Более того, если взглянуть на эту картину сегодня, то окажется вдруг, что Менахем-Мендл в поистине гениальном исполнении Михоэлса вовсе не столь полемичен по отношению к Грановскому, как полагал сам актер, а вслед за ним его многочисленные биографы, во что бы то ни стало пытавшиеся сделать из него соцреалиста и гуманиста в самом что ни на есть большевистском понимании этого слова. Его герой на самом деле не нуждается ни в какой идеологии: она внутри него самого, она есть образ его мысли и его жизни, она — это он сам.
«Михоэлс недаром заставляет своего Менахема-Мендла на экране видеть себя в мечтах королем всемирного треста по устройству семейного счастья. В этом сне, в этих мечтах раскрывается самый замысел Михоэлса превратить своего маленького героя силой своей влюбленности в детский, чистый и ясный мир его души, силой своего романтического воображения и патетического сочувствия в большой и символический образ еврейского неудачника и мечтателя, в сердце которого живет громадная любовь ко всем людям…» [6] — писала современная фильму критика, не забыв, однако, при этом произнести ритуальное: «Здесь был дан выход из местечкового быта в широкий мир фантастики и романтики, но при полном сохранении аромата самого образа…»[7].

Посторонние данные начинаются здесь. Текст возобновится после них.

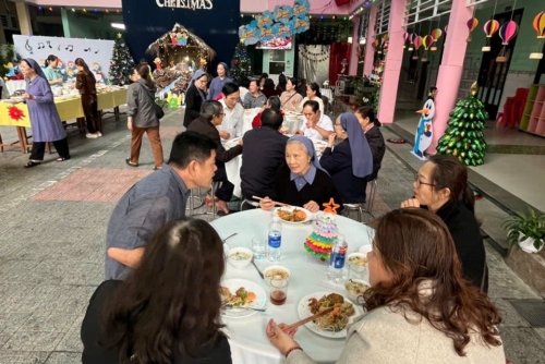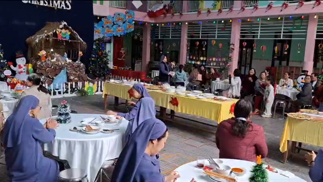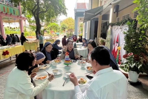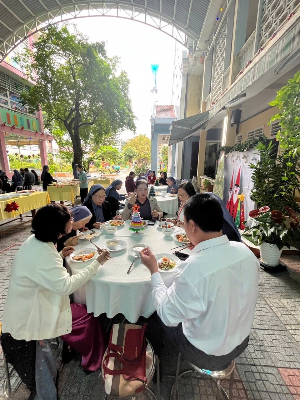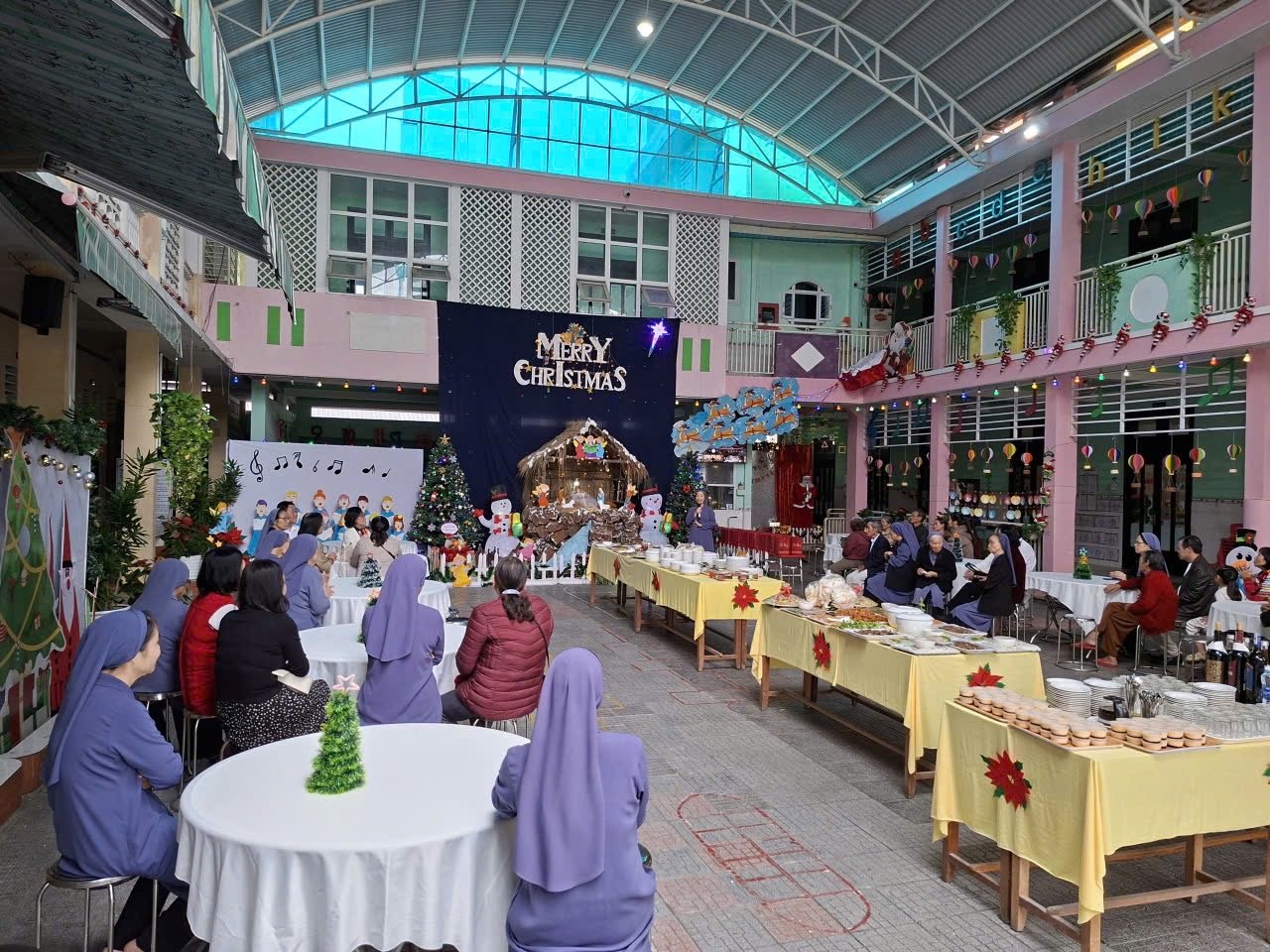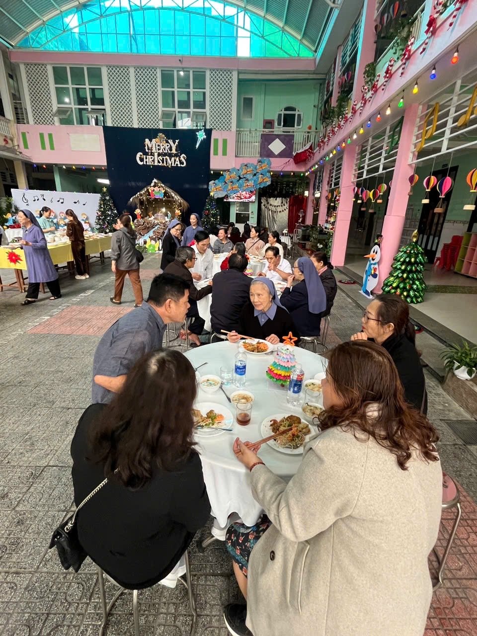 Chị em và khách mời đã chung chia niềm vui mừng Sinh Nhật Chúa Giêsu qua sự tiếp đón, những câu chuyện ôn lại kỉ niềm xưa, những lời hỏi thăm sức khoẻ và cập nhật về cuộc sống của nhau, qua bữa buffet trưa và chương trình ca hát đố vui bộc phát… Không gian nhỏ bé nhưng hội tụ sự đa dạng của khách mới về tuổi tác, nghề nghiệp và sở thích… Họ là người bán hàng ở chợ, người sửa xe đạp, người đánh bóng đồ đồng, là giáo viên, cựu giáo viên, y tá, bác sĩ, dược sĩ, người làm nông, người an hưởng tuổi hưu… Tất cả hoà quyện trong niềm vui gặp lại và nối kết, để cảm nhận trong tình yêu và công trình sáng tạo của Thiên Chúa, tất cả chúng ta là anh chị em của nhau.

Я привел эту достаточно длинную цитату не только для того, чтобы будущий читатель почувствовал аромат эпохи, ибо аромат этот еще включал в себя некоторое количество несовпадающих оттенков. Спустя десяток лет, когда на экраны страны выйдет следующая картина, действие которой происходит в черте оседлости, «Граница», автору ее, Михаилу Дубсону, придется вынести свое Старое Дудино за кордон, в ту часть «еврейской улицы», которая осталась на польской стороне государственной границы. Впрочем, произойдет это еще не скоро, и я упомянул об этом скорее для порядка, чтобы показать, как меняются эпоха и ее требования к одной и той же теме на протяжении, казалось бы, короткого промежутка времени.
И еще одно: фильм Грановского открыл для будущих кинематографистов неосознанную до тех пор особенность шолом-алейхемовской прозы, ее необыкновенную пластичность, позволявшую лепить из простодушных, почти фольклорных сюжетов любые кинематографические фигуры, в любых сочетаниях и вариациях.
Я рискнул бы заметить, что эта пластичность распространяется на все творчество писателя в целом, ибо только этим — готовностью открыться любой интерпретации — можно объяснить тот удивительный факт, что, убежденный, активно действующий сионист и эмигрант из России, он становится единственным официальным классиком еврейской литературы в Советском Союзе.
Применительно к интерпретациям кинематографическим можно увидеть, что похождения веселого неудачника и хронического безработного Менахема-Мендла можно было рассматривать, а следовательно, и разыгрывать в любом регистре, от чисто фарсового до подлинно трагедийного, ибо структура повествовательного цикла, в каждом из эпизодов которого герой бросается от одного неосуществимого прожекта к другому, от одной утопии к другой, от одного провала к другому, позволяла делать с собой все что угодно, как бы подталкивая сюжет к гитарному перебору вариаций на одной и той же струне человеческой судьбы, заданной как некий камертон, как некий начальный аккорд, от которого мелодия может пойти в любую сторону, с любой громкостью.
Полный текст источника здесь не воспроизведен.